Please restate the records below word for word, leaving out every picture.

(Task input)

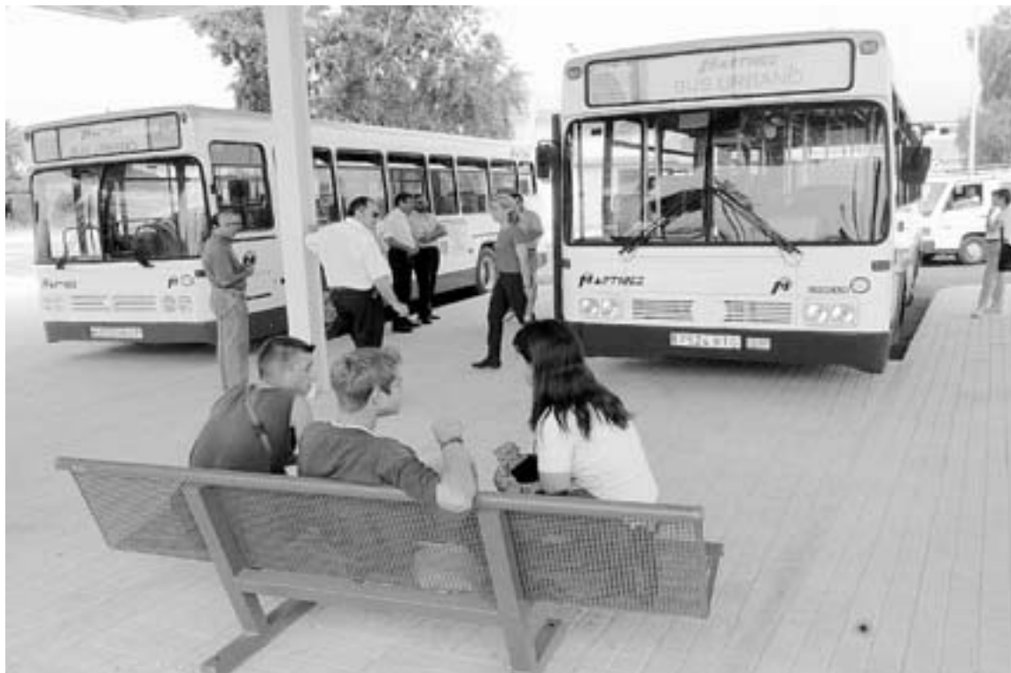
GRATIS. Los mayores de Totana podrán viajar gratuitamente en el autobús urbano.

El servicio funcionará de nueve y media de la mañana a seis y media de la tarde, de lunes a viernes, y está dirigido a mayores de sesenta años, vecinos de San Javier, que tengan reducida su autonomía y no padezcan enfermedades clínicas ni contagiosas.
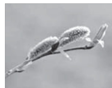
Ива – находка для рекультивации

Год назад Заполярный филиал взялся за обустройство территории вокруг озера Долгое. Первой ласточкой стала скульптура девушки-геолога. Вскоре вокруг нее заповедник «Большой Арктический», реализуя совместный с Заполярным филиалом проект, посеял травы, высадил деревья, а на откосах – черенки ивы. Зима прошла. Радостная новость: растения прижились на 98 процентов!
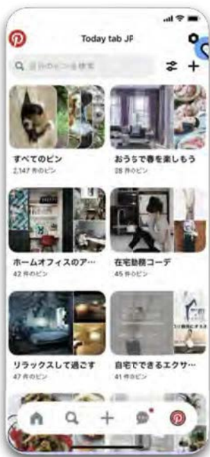
Step 1 個人向けアカウントのプロフィール から、右上のボタンをタップ
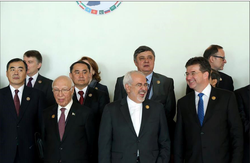
اجلاس «قلب آسیا»
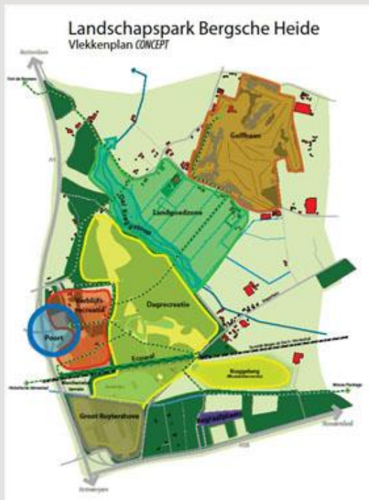
Vlekkenplan voor Landschapspark Bergsche Heide.
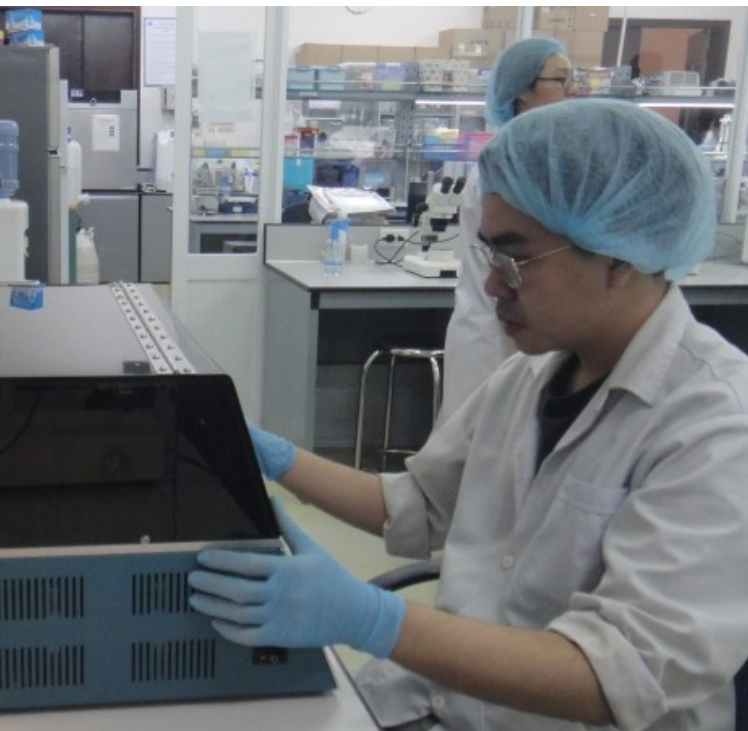
Hoạt động nghiên cứu khoa học tại Đại học Quốc gia Thành phố Hồ Chí Minh

Quỹ có các mục tiêu dài hạn: Dự kiến đầu tư vào 50 đến 150 doanh nghiệp khởi nghiệp sáng tạo, doanh nghiệp khoa học, công nghệ cao trong giai đoạn 2026-2035. Hỗ trợ thương mại hóa ít nhất 50 sản phẩm/công nghệ và ươm tạo tối thiểu 5 doanh nghiệp công nghệ quy mô lớn.
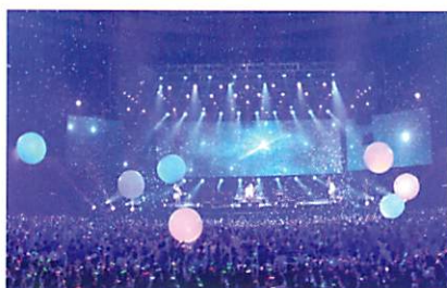
チームラボボール

520台のコンピューター、470台のプロジェクターを利用した、巨大デジタルアートミュージアム
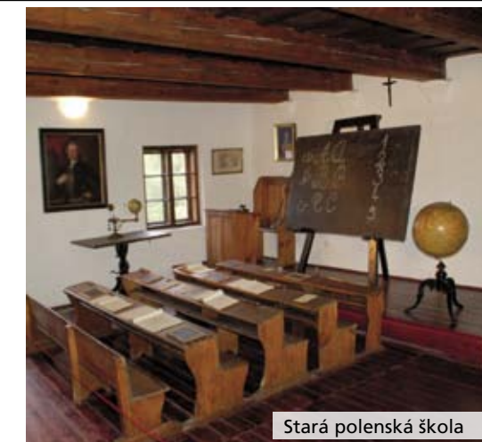
Stará polenská škola

(End Task input)

**Completed exercise:**
GRATIS. Los mayores de Totana podrán viajar gratuitamente en el autobús urbano.

El servicio funcionará de nueve y media de la mañana a seis y media de la tarde, de lunes a viernes, y está dirigido a mayores de sesenta años, vecinos de San Javier, que tengan reducida su autonomía y no padezcan enfermedades clínicas ni contagiosas.
Ива – находка для рекультивации

Год назад Заполярный филиал взялся за обустройство территории вокруг озера Долгое. Первой ласточкой стала скульптура девушки-геолога. Вскоре вокруг нее заповедник «Большой Арктический», реализуя совместный с Заполярным филиалом проект, посеял травы, высадил деревья, а на откосах – черенки ивы. Зима прошла. Радостная новость: растения прижились на 98 процентов!
Step 1 個人向けアカウントのプロフィール から、右上のボタンをタップ
اجلاس «قلب آسیا»
Vlekkenplan voor Landschapspark Bergsche Heide.
Hoạt động nghiên cứu khoa học tại Đại học Quốc gia Thành phố Hồ Chí Minh

Quỹ có các mục tiêu dài hạn: Dự kiến đầu tư vào 50 đến 150 doanh nghiệp khởi nghiệp sáng tạo, doanh nghiệp khoa học, công nghệ cao trong giai đoạn 2026-2035. Hỗ trợ thương mại hóa ít nhất 50 sản phẩm/công nghệ và ươm tạo tối thiểu 5 doanh nghiệp công nghệ quy mô lớn.
チームラボボール

520台のコンピューター、470台のプロジェクターを利用した、巨大デジタルアートミュージアム
Stará polenská škola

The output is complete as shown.